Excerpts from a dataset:
=== Begin Enclosure ===

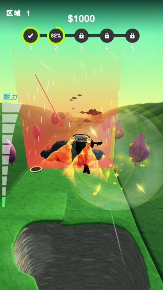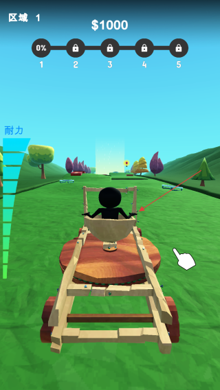 1、進(jìn)入游戲,查看界面上方的區(qū)域信息和金錢數(shù)量,以及關(guān)卡鎖定情況,點(diǎn)擊屏幕操控火柴人駕駛的彈射裝置前進(jìn)。
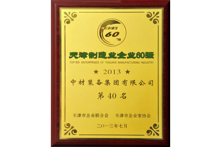 装备集团以2012年良好的经营业绩位列天津100强企业第85位,位列天津制造业企业60强第40位。
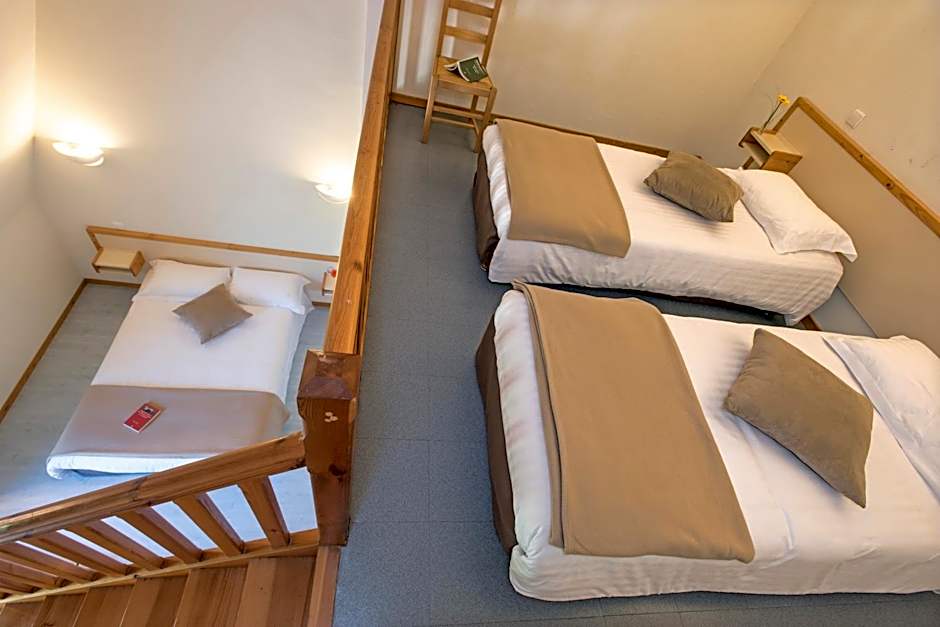 Room options include a range of configurations: the 431 sq ft Duplex apartment accommodates 4 adults and 2 children with 1 double bed and 2 twins; the 452 sq ft Duplex Suite fits up to 8 adults and 5 children with 3 twins and 1 double; the 484 sq ft Duplex Family sleeps 8 adults and 4 children with 2 twins and 2 doubles; the Standard Room at 215 sq ft accommodates 4 adults and 3 children with 1 double bed.
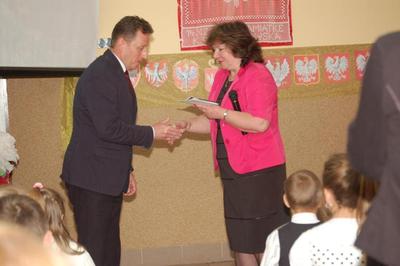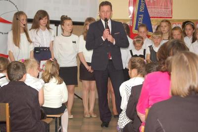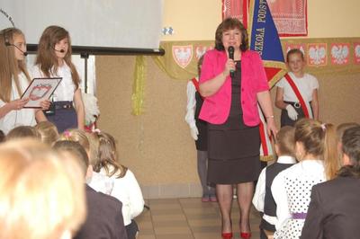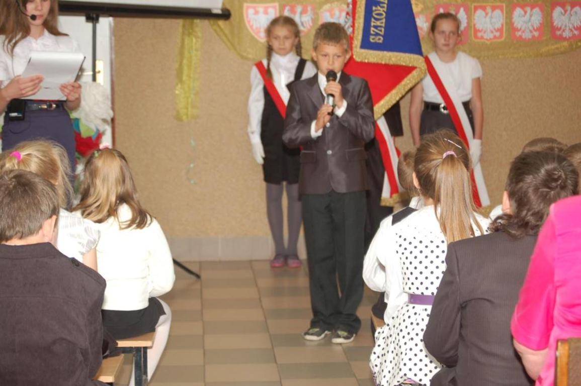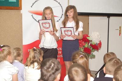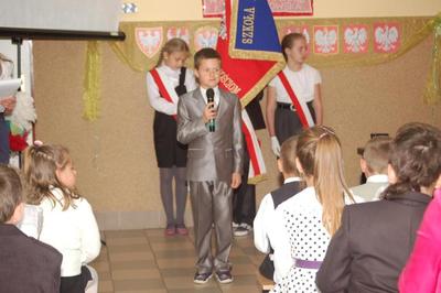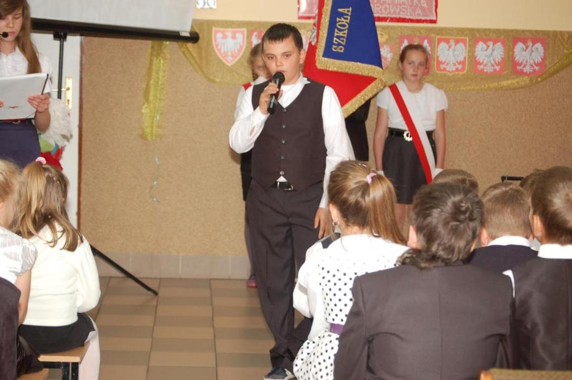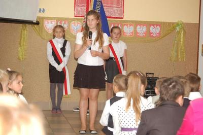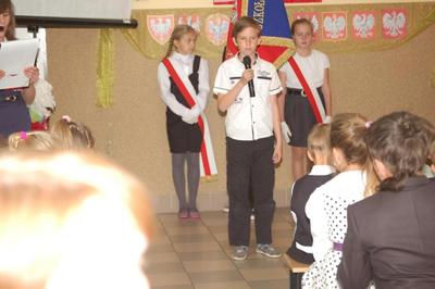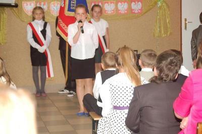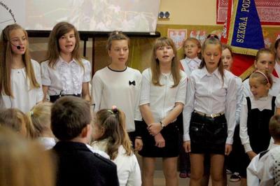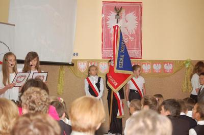 Już po raz szósty społeczność szkolna uczciła rocznicę nadania imienia i sztandaru naszej szkole. O godzinie 8.00 zabrzmiał szkolny dzwonek na dźwięk którego uczniowie i nauczyciele zebrali się przed budynkiem szkoły. Po odśpiewaniu Hymnu państwowego na maszt wciągnięto biało czerwoną flagę, a delegacja Samorządu Uczniowskiego złożyła kwiaty pod tablicą upamiętniającą nadanie Szkole Podstawowej w Wykowie imienia Orła Białego. Dyrektor szkoły Pani Ewa Romatowska przypomniała uczniom historię szkoły, która w obecnym budynku ma swoją siedzibę od 1958 roku. Zwróciła również uwagę zebranych na symboliczne drzewko – buk czerwony, które zostało zasadzone na upamiętnienie roku milenijnego, a którego nazwa została nadana po konkursie przeprowadzonym wśród uczniów. Zupełnym splotem okoliczności nazwa ta jest identyczna jak tytuł hymnu szkolnego czyli Nadzieja. Po tej podniosłej uroczystości uczniowie i nauczyciele rozeszli się do klas na lekcje. O godzinie 11.00 szkolny dzwonek ponownie zgromadził społeczność szkolną na uroczystym apelu. W obecności zaproszonych gości uczniowie przedstawili program artystyczny, który zapoznał zgromadzonych z historią tego najważniejszego dla każdego polaka symbolu - Orła Białego. Historią, która swój początek ma w czasach Bolesława Chrobrego, a po zawiłych ścieżkach prowadziła naszą Ojczyznę, aż ku szczęśliwemu zakończeniu w dniu 31 grudnia 1989 roku, gdy sejm uchwalił ustawę o symbolach narodowych. Montaż słowno-muzyczny zakończyło wspólne odśpiewanie hymnu szkoły „Nadzieja”.
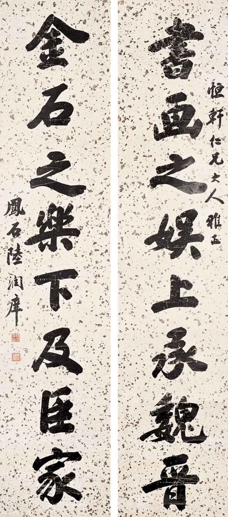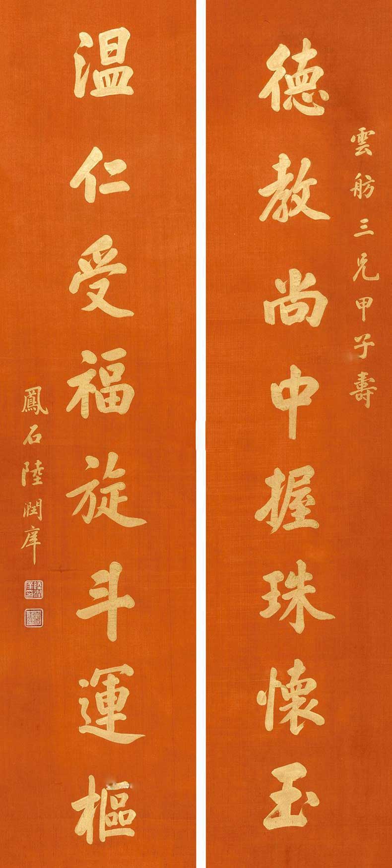 陆润庠(1841~1915),字云洒,又字凤石,别号固叟,江苏苏州人。工书法,意近欧、虞。同治十三年(1874)状元,歴任国子监祭酒、内阁学士、吏部尚书、东阁大学士等职。辛亥***后为溥仪师傅。
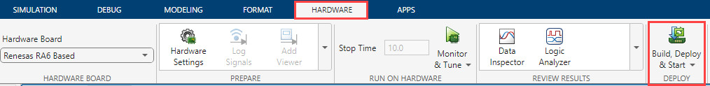 This example shows how to use the Embedded Coder ® Support Package for Renesas® RA Microcontrollers to deploy and simulate a Simulink® model on hardware based on Renesas RA microcontrollers. With this support package, you can access hardware peripherals at run time using Simulink® blocks and configure those peripherals through the Renesas RA Smart Configurator tool.
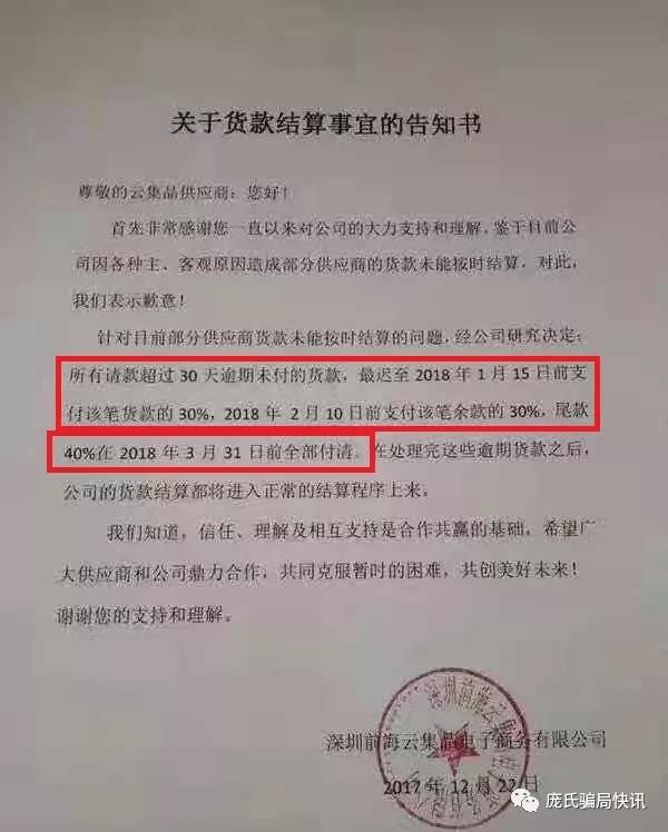去年的12月22日,云集品公司发布《关于货款结算事宜的告知书》,承诺供应在2018年3月31日前全部付清。结果云集品公司并没有兑现承诺。
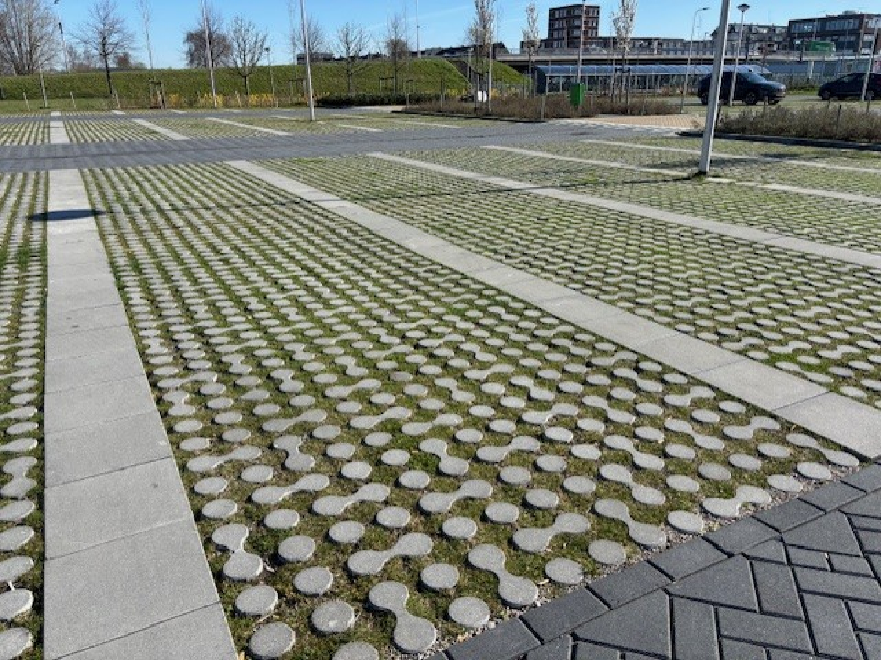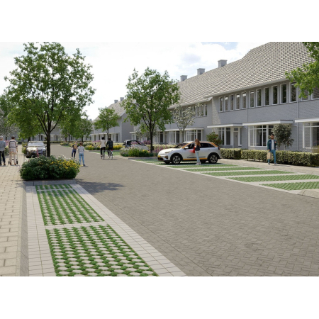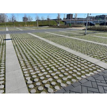 Mede door het formaat, de dikte en de wapening is dit een duurzame oplossing voor de verharding van terreinen waar groen en/of infiltratie wenselijk is.

=== End Enclosure ===

- **EXERCISE DIRECTIONS**:
With the pictures removed, return all the entries exactly.

- **SOLVED PROBLEM**:
 1、進(jìn)入游戲,查看界面上方的區(qū)域信息和金錢數(shù)量,以及關(guān)卡鎖定情況,點(diǎn)擊屏幕操控火柴人駕駛的彈射裝置前進(jìn)。
 装备集团以2012年良好的经营业绩位列天津100强企业第85位,位列天津制造业企业60强第40位。
 Room options include a range of configurations: the 431 sq ft Duplex apartment accommodates 4 adults and 2 children with 1 double bed and 2 twins; the 452 sq ft Duplex Suite fits up to 8 adults and 5 children with 3 twins and 1 double; the 484 sq ft Duplex Family sleeps 8 adults and 4 children with 2 twins and 2 doubles; the Standard Room at 215 sq ft accommodates 4 adults and 3 children with 1 double bed.
 Już po raz szósty społeczność szkolna uczciła rocznicę nadania imienia i sztandaru naszej szkole. O godzinie 8.00 zabrzmiał szkolny dzwonek na dźwięk którego uczniowie i nauczyciele zebrali się przed budynkiem szkoły. Po odśpiewaniu Hymnu państwowego na maszt wciągnięto biało czerwoną flagę, a delegacja Samorządu Uczniowskiego złożyła kwiaty pod tablicą upamiętniającą nadanie Szkole Podstawowej w Wykowie imienia Orła Białego. Dyrektor szkoły Pani Ewa Romatowska przypomniała uczniom historię szkoły, która w obecnym budynku ma swoją siedzibę od 1958 roku. Zwróciła również uwagę zebranych na symboliczne drzewko – buk czerwony, które zostało zasadzone na upamiętnienie roku milenijnego, a którego nazwa została nadana po konkursie przeprowadzonym wśród uczniów. Zupełnym splotem okoliczności nazwa ta jest identyczna jak tytuł hymnu szkolnego czyli Nadzieja. Po tej podniosłej uroczystości uczniowie i nauczyciele rozeszli się do klas na lekcje. O godzinie 11.00 szkolny dzwonek ponownie zgromadził społeczność szkolną na uroczystym apelu. W obecności zaproszonych gości uczniowie przedstawili program artystyczny, który zapoznał zgromadzonych z historią tego najważniejszego dla każdego polaka symbolu - Orła Białego. Historią, która swój początek ma w czasach Bolesława Chrobrego, a po zawiłych ścieżkach prowadziła naszą Ojczyznę, aż ku szczęśliwemu zakończeniu w dniu 31 grudnia 1989 roku, gdy sejm uchwalił ustawę o symbolach narodowych. Montaż słowno-muzyczny zakończyło wspólne odśpiewanie hymnu szkoły „Nadzieja”.
 陆润庠(1841~1915),字云洒,又字凤石,别号固叟,江苏苏州人。工书法,意近欧、虞。同治十三年(1874)状元,歴任国子监祭酒、内阁学士、吏部尚书、东阁大学士等职。辛亥***后为溥仪师傅。
 This example shows how to use the Embedded Coder ® Support Package for Renesas® RA Microcontrollers to deploy and simulate a Simulink® model on hardware based on Renesas RA microcontrollers. With this support package, you can access hardware peripherals at run time using Simulink® blocks and configure those peripherals through the Renesas RA Smart Configurator tool.
去年的12月22日,云集品公司发布《关于货款结算事宜的告知书》,承诺供应在2018年3月31日前全部付清。结果云集品公司并没有兑现承诺。
 Mede door het formaat, de dikte en de wapening is dit een duurzame oplossing voor de verharding van terreinen waar groen en/of infiltratie wenselijk is.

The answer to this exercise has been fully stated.